One L, Scott Turow's journal of his first year at law school introduces and a best-seller when it was first published in 1977, has gone on to become a virtual bible for prospective law students. Not only does it introduce with remarkable clarity the ideas and issues that are the stuff of legal education; it brings alive the anxiety and competiveness--with others and, even more, with oneself--that set the tone in this crucible of character building. Turow's multidimensional delving into his protagonists' psyches and his marvelous gift for suspense prefigure the achievements of his celebrated first novel, Presumed Innocent, one of the best-selling and most talked about books of 1987.
Each September, a new crop of students enter Harvard Law School to begin an intense, often grueling, sometimes harrowing year of introduction to the law. Turow's group of One Ls are fresh, bright, ambitious, and more than a little daunting. Even more impressive are the faculty: Perini, the dazzling, combative professor of contracts, who presents himself as the students' antagonist in their struggle to master his subject; Zechman, the reserved professor of torts who seems so indecisive the students fear he cannot teach; and Nicky Morris, a young, appealing man who stressed the humanistic aspects of law.
Will the One Ls survive?
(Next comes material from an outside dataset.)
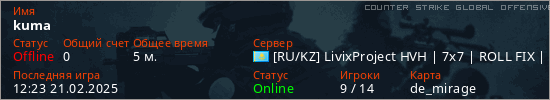 Играет на Counter Strike Global Offensive сервере. Страна: КазахстанПервый раз замечен 12:21 21.02.2025
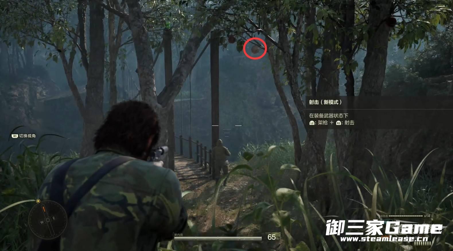 继续往北走,来到吊桥,把树上的蜂巢射下来,蜜蜂会帮你赶走敌人,还会掉落蜂巢等物资。

Will they excel? Will they make the Law Review, the outward and visible sign of success in this ultra-conservative microcosm? With remarkable insight into both his fellows and himself, Turow leads us through the ups and downs, the small triumphs and tragedies of the year, in an absorbing and throught-provoking narrative that teaches the reader not only about law school and the law but about the human beings who make them what they are.
In the new afterword for this edition of One L, the author looks back on law school from the perspective of ten years' work as a lawyer and offers some suggestions for reforming legal education.
Necessity to law students
This was an excellent account of a law students struggles even if it is difficult at times to relate to someone who attended HLS. I was disappointed in the end as it seemed to preach more than describe, but the author has reserved the right to do so. Still a necessary read for any future or current law student. I would recommend any young man or woman who so much as thinks they might attend law school read this book.
Good read but,
it seemed as if HLS is home to a bunch of cry babies .
A Must-Read for Would-Be Law Students
As a law student hopeful, I already feel indebted to Turow moments after finishing "One L". The book sheds light on what is an otherwise occult world, that of a Harvard law student. The book is an entertaining yet informative balance of autobiography, general information on law, and in the end, pedagogical analysis of law schooling. Written in 1977, the world Turow describes and the one we live in today differ almost in every facet. For example, Turow writes with incredulous fascination that big corporate law firms could bill their clients up to $200 per hour. I balked at the number, thinking it low, until I calculated for inflation and realized that the number would have been 898 in 2015 dollars. Artifacts of social changes such as this are prevalent throughout the book, but Turow argues that law education, predominantly, is immune to the same cultural shifts. Real estate law, he writes, requires an understanding of medieval legislature to be fully absorbed as a student. The methods of teaching the courses, the Socratic method, is a centuries old tradition.
While the prudent applicant will seek further reading for more current accounts of law school, I doubt they will find one more honest, transparent and power as Turow's.